What you should do
Your answer must be the full listing, reproduced exactly, minus any pictures.
----- Records for processing
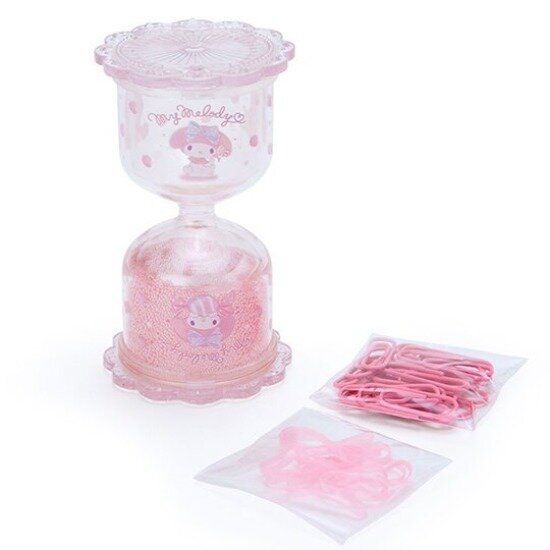 MY MELODY 日版 文具 萬字夾 橡皮筋 套裝 連 沙漏 造型 收納盒 迴紋針 漏斗 小物盒 橡筋 橡皮筋 套裝 橡根 美樂蒂 2019年款 【平行進口】
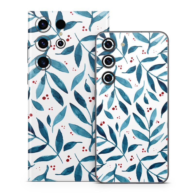 iStyles Samsung Galaxy S23 Series Skin design of White, Azure, Textile, Art, Aqua, Material property, Symmetry, Creative arts, Pattern, Electric blue, with white, blue, red colors, and tagged with patterns, nature, branches, leaves.
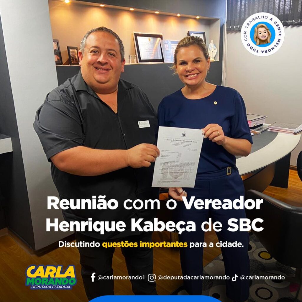 Ontem tive o enorme privilégio de realizar uma reunião junto a Deputada Estadual Carla Morando. Tratamos de diversos assuntos em prol de nossa São Bernardo do Campo.
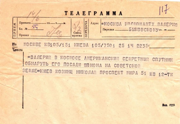 «Валерий, в космосе американский секретный спутник. Обнаружь его, посади шпиона на советской земле».
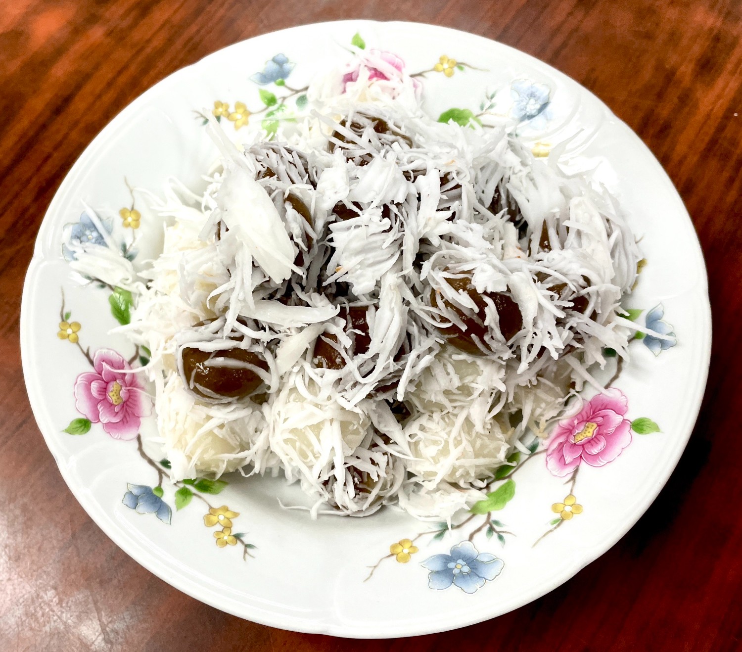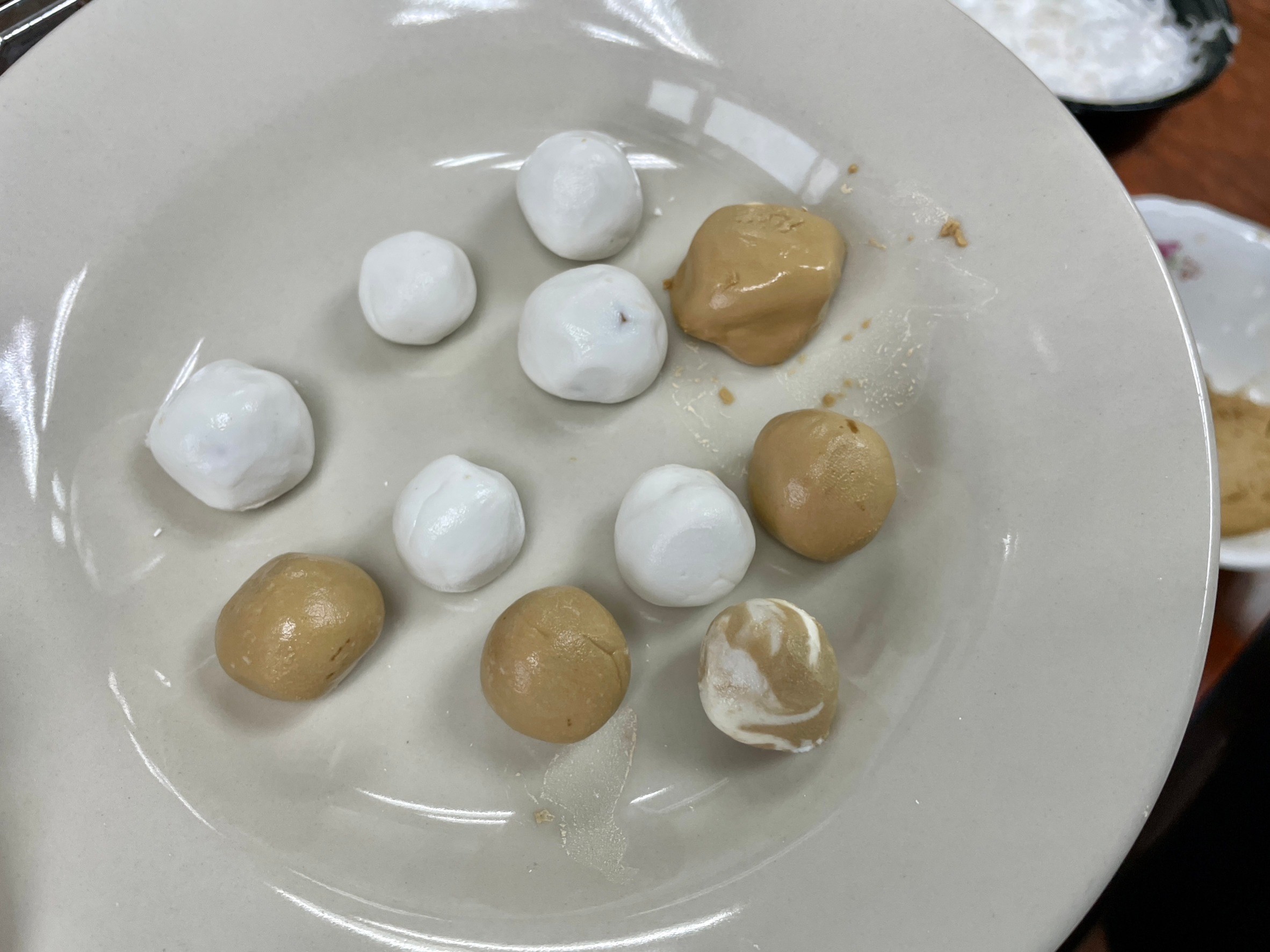 มาถึงขั้นการปั้นแล้ว ปั้นแค่พอดีคำ แผ่แป้งเป็นแผ่นกลม ๆ แล้ววางน้ำตาลที่เราหั่นแล้วจากนั้นก็ปั้นให้เป็นก้อน
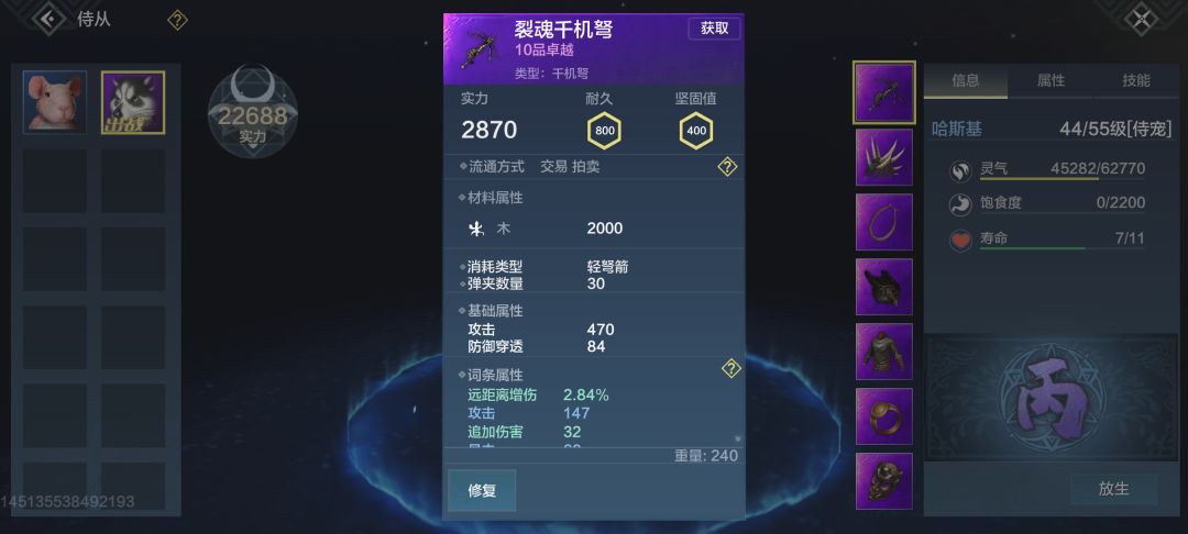 他的战力是很高的,比一些萌新都要高好多甚至比一些玩了很久的人战力还高,我的哈士奇有个技能是戴千机弩加伤害所以给了他一把裂魂千机弩,评分都快赶上我的破晓弩了。
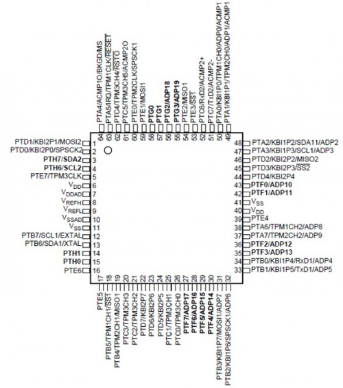 El MC9S08QE128 puede tener 80, 64,48, 44 ó 32 pines dependiendo del modelo. Este artículo se enfocará en analizar el de 64 pines debido a que es el que se usa en el Laboratorio C de la Universidad Simón Bolívar. | El MC9S08QE128 puede tener 80, 64,48, 44 ó 32 pines dependiendo del modelo. Este artículo se enfocará en analizar el de 64 pines debido a que es el que se usa en el Laboratorio C de la Universidad Simón Bolívar. | ||
----------
Reply
 MY MELODY 日版 文具 萬字夾 橡皮筋 套裝 連 沙漏 造型 收納盒 迴紋針 漏斗 小物盒 橡筋 橡皮筋 套裝 橡根 美樂蒂 2019年款 【平行進口】
 iStyles Samsung Galaxy S23 Series Skin design of White, Azure, Textile, Art, Aqua, Material property, Symmetry, Creative arts, Pattern, Electric blue, with white, blue, red colors, and tagged with patterns, nature, branches, leaves.
 Ontem tive o enorme privilégio de realizar uma reunião junto a Deputada Estadual Carla Morando. Tratamos de diversos assuntos em prol de nossa São Bernardo do Campo.
 «Валерий, в космосе американский секретный спутник. Обнаружь его, посади шпиона на советской земле».
 มาถึงขั้นการปั้นแล้ว ปั้นแค่พอดีคำ แผ่แป้งเป็นแผ่นกลม ๆ แล้ววางน้ำตาลที่เราหั่นแล้วจากนั้นก็ปั้นให้เป็นก้อน
 他的战力是很高的,比一些萌新都要高好多甚至比一些玩了很久的人战力还高,我的哈士奇有个技能是戴千机弩加伤害所以给了他一把裂魂千机弩,评分都快赶上我的破晓弩了。
 El MC9S08QE128 puede tener 80, 64,48, 44 ó 32 pines dependiendo del modelo. Este artículo se enfocará en analizar el de 64 pines debido a que es el que se usa en el Laboratorio C de la Universidad Simón Bolívar. | El MC9S08QE128 puede tener 80, 64,48, 44 ó 32 pines dependiendo del modelo. Este artículo se enfocará en analizar el de 64 pines debido a que es el que se usa en el Laboratorio C de la Universidad Simón Bolívar. | ||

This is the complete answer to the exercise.